## RECORDS SHOWN
_ _ _

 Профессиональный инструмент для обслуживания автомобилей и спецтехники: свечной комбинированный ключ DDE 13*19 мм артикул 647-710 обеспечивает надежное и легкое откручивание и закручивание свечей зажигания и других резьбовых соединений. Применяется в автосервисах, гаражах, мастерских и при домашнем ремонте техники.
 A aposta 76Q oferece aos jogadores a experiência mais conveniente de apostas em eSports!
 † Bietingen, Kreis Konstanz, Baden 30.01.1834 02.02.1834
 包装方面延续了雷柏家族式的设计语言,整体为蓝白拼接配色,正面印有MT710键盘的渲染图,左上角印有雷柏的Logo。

_ _ _

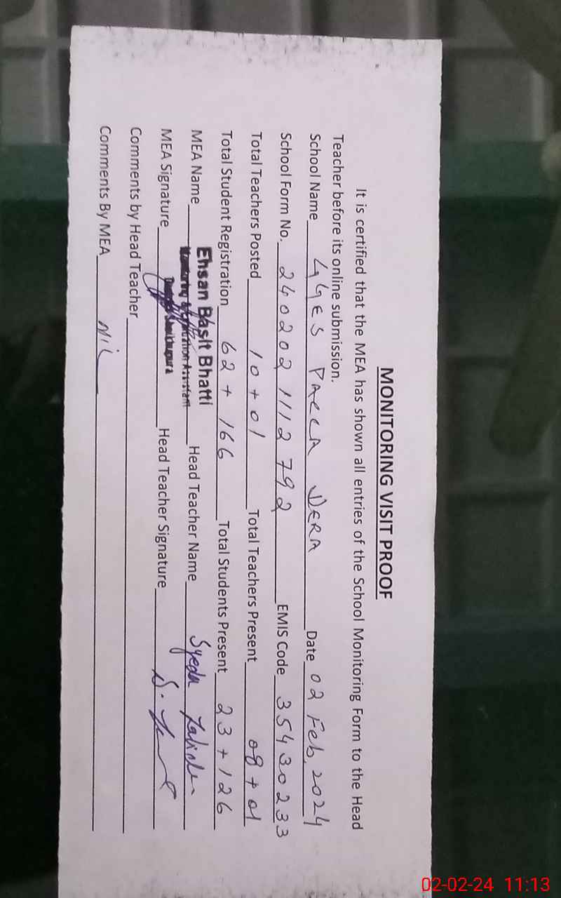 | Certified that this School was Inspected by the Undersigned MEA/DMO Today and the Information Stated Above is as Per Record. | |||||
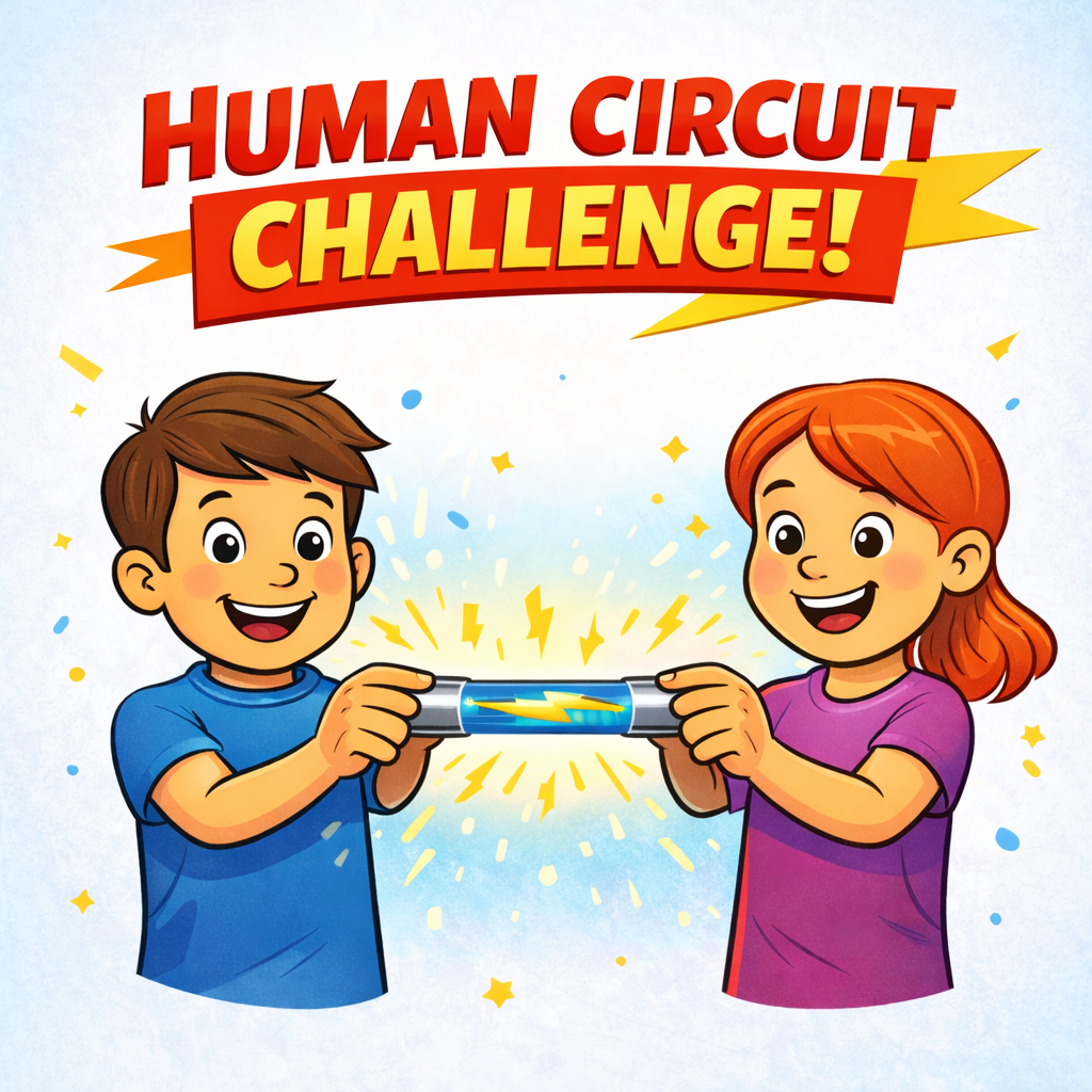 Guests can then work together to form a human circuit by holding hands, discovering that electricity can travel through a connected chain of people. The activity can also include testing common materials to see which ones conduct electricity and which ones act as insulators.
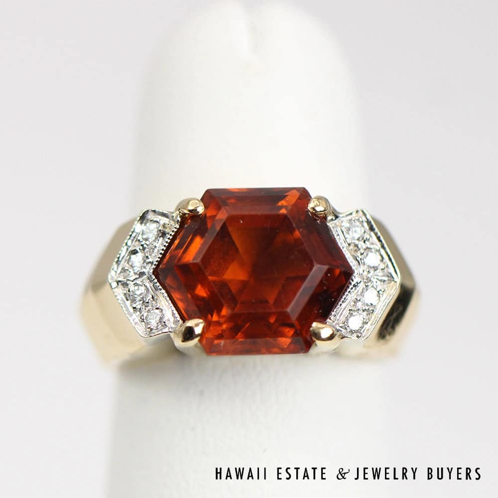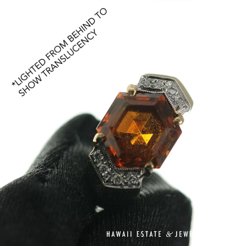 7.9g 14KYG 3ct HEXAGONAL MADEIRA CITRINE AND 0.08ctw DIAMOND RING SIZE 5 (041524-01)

_ _ _

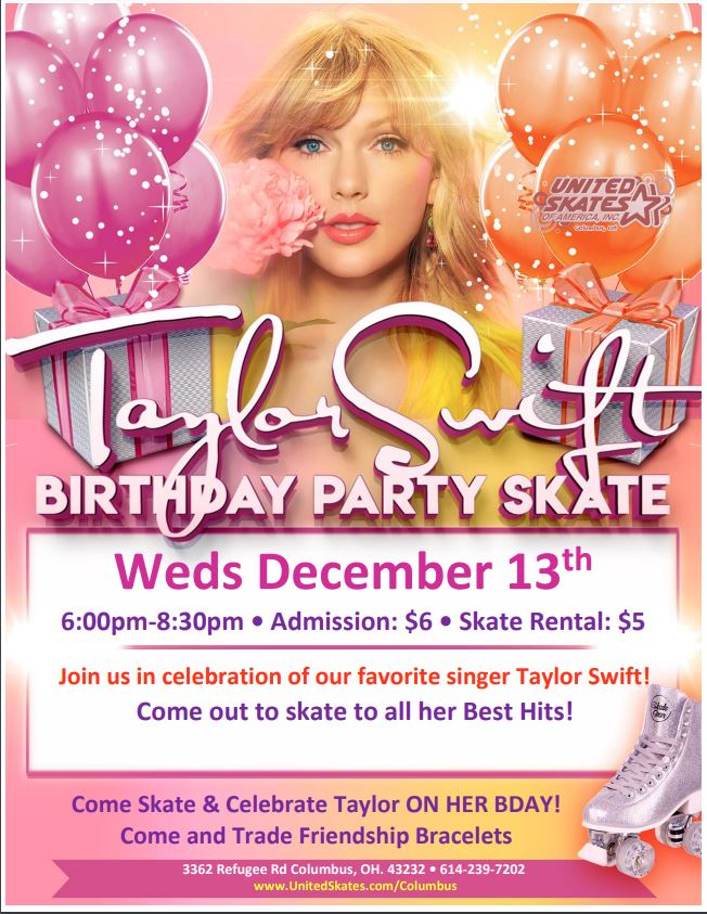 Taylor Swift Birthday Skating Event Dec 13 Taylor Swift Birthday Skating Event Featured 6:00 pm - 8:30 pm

_ _ _

## WORK ORDER
Set down exactly the lines above, from the line containing "Record. | |||||" through the line containing "7.9g 14KYG 3ct". Skip the pictures.

## WRITTEN RESPONSE
 | Certified that this School was Inspected by the Undersigned MEA/DMO Today and the Information Stated Above is as Per Record. | |||||
 Guests can then work together to form a human circuit by holding hands, discovering that electricity can travel through a connected chain of people. The activity can also include testing common materials to see which ones conduct electricity and which ones act as insulators.
 7.9g 14KYG 3ct HEXAGONAL MADEIRA CITRINE AND 0.08ctw DIAMOND RING SIZE 5 (041524-01)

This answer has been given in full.